# Civil War pictures-then and now



## azmike (Jan 4, 2015)

http://www.theguardian.com/artanddesign/ng-interactive/2015/jun/22/american-civil-war-photography-interactive


----------



## Grateful11 (Apr 5, 2009)

Thanks for the link. I've been to Gettysburg twice, once when I was a kid and then about 5 years ago. Last time it really got to me, it gave me a really strange feeling like you could still feel and hear the battle. Came away with whole different prospective than when I was a kid. Stood at Devil's Den, that's an eery feeling too.


----------



## Thorim (Jan 19, 2015)

Thank your sharing that link a very stirring and emotional thing thank you


----------



## Tim/South (Dec 12, 2011)

Pictures of that uncalled for war still hit me deep.

My great grandfather was plowing when some soldiers (just common men) came through. They were meeting up with others who were going to "shoot some yankees" that were headed south on a train.

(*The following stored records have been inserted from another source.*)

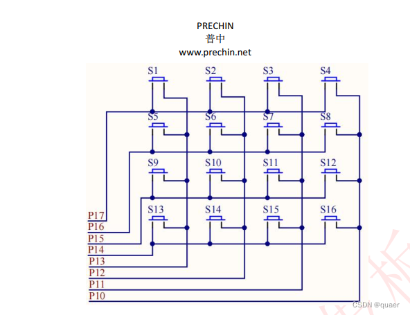 实验板上用的是4*4矩阵键盘,将16个按键排列成4行4列. Line scanning and reverse method.
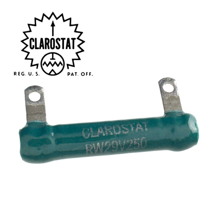Clarostat RV29V250 is a 25 Ohm 10 Watt power resistor with coated ceramic body. Size 1.75" long x 0.35" dia. Has solder plated terminals as shown.
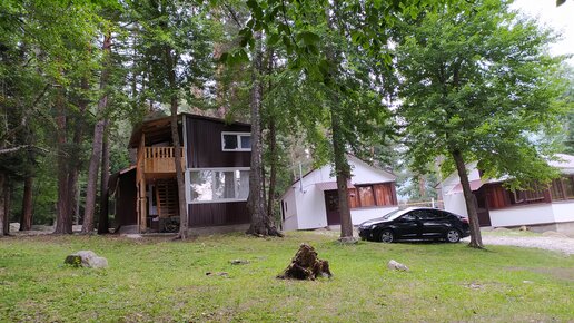Сняли в Архызе домик за 5000 рублей сутки на базе в лесу. Показываю и рассказываю.
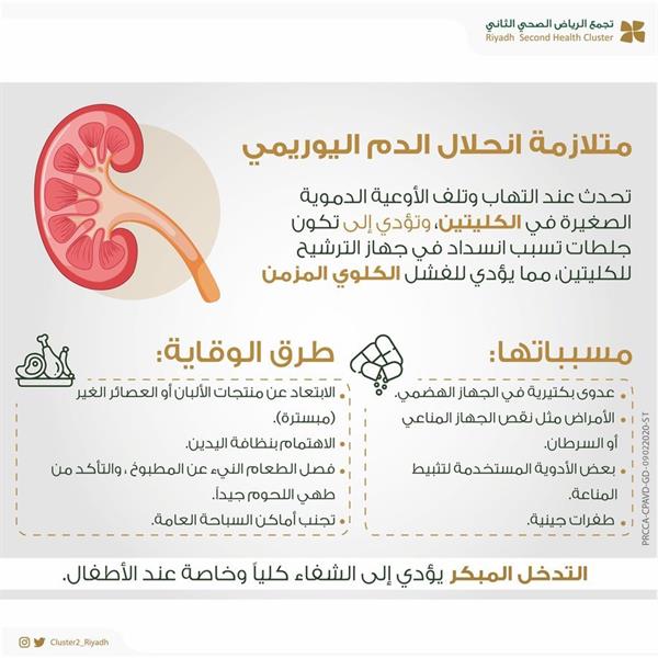 وقالت المدينة إن متلازمة انحلال الدم اليوريمي تحدث عند التهاب وتلف الأوعية الدموية الصغيرة في الكليتين، وتؤدي إلى تكون جلطات تسبب انسداداً في جهاز الترشيح للكليتين؛ مما يؤدي إلى الفشل الكلوي المزمن.
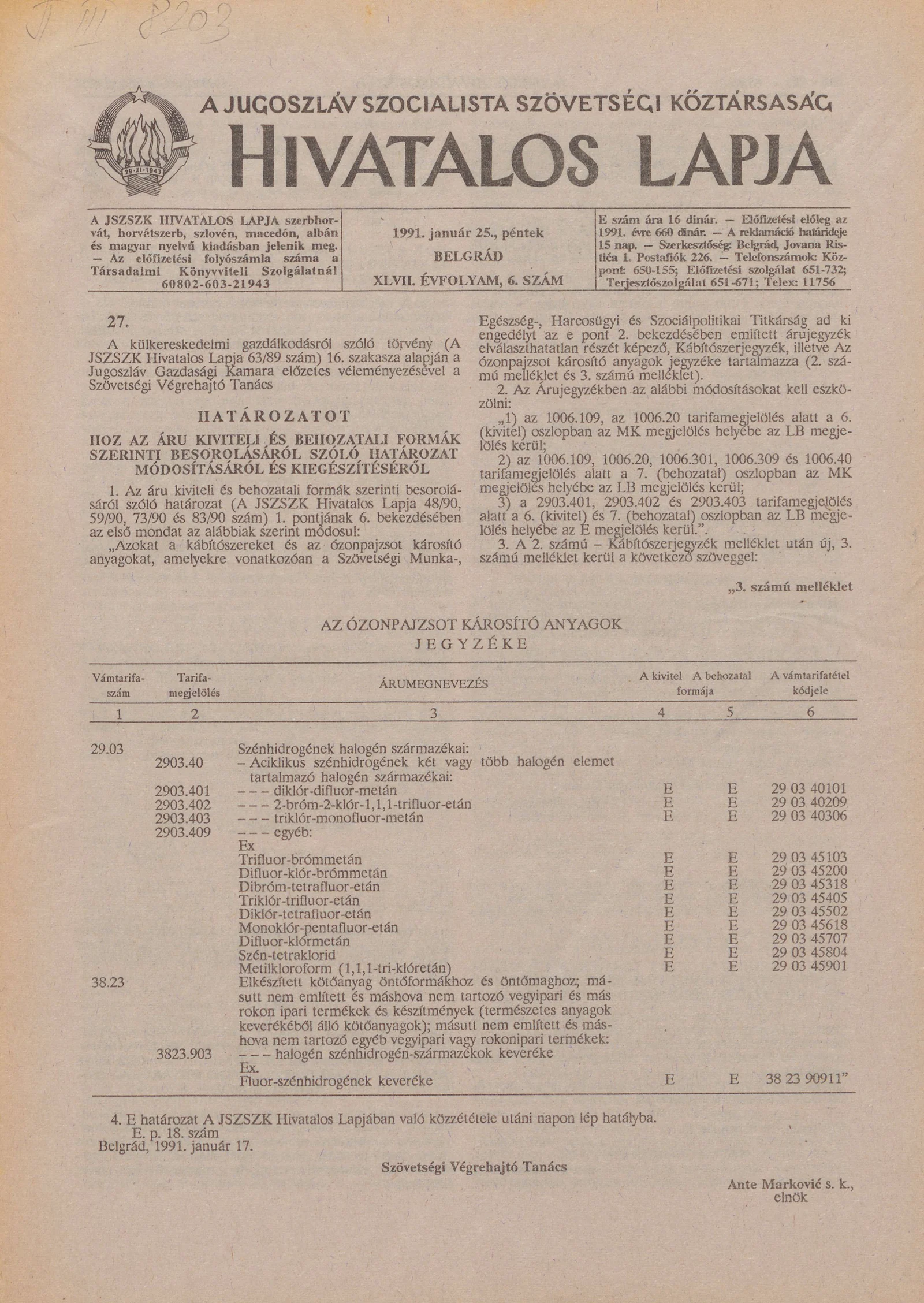 - Határozat az 1991-ben behozatali áru adóteher-kiegyenlítési különilletékének fizetése alá tartozó áru meghatározásáról szóló határozat kiegészítéséről76

Great Grandfather said he did not have time for such, he had a crop to make.


----------



## NebTrac (Aug 12, 2014)

The way your able to use the slider is an amazing thing. Seeing the old fade and the new come was stirring! Thanks for the link!


----------



## shortrow (Feb 21, 2012)

Powerful.


----------



## JD3430 (Jan 1, 2012)

One of my farm fields in PA was just purchased by the civil war preservation society. 
I live in an area of revolutionary war fame called "the Battle of the Brandywine". 
People have spent years digging up artifacts and war artifacts are still being recovered.
You guys are right, it is very moving to be on the properties involved in these wars. There's a field I farm where fierce battles occurred. You really can feel it in the river, the rocks & dirt, the trees, the stone walls.

Thanks for the pictures.


----------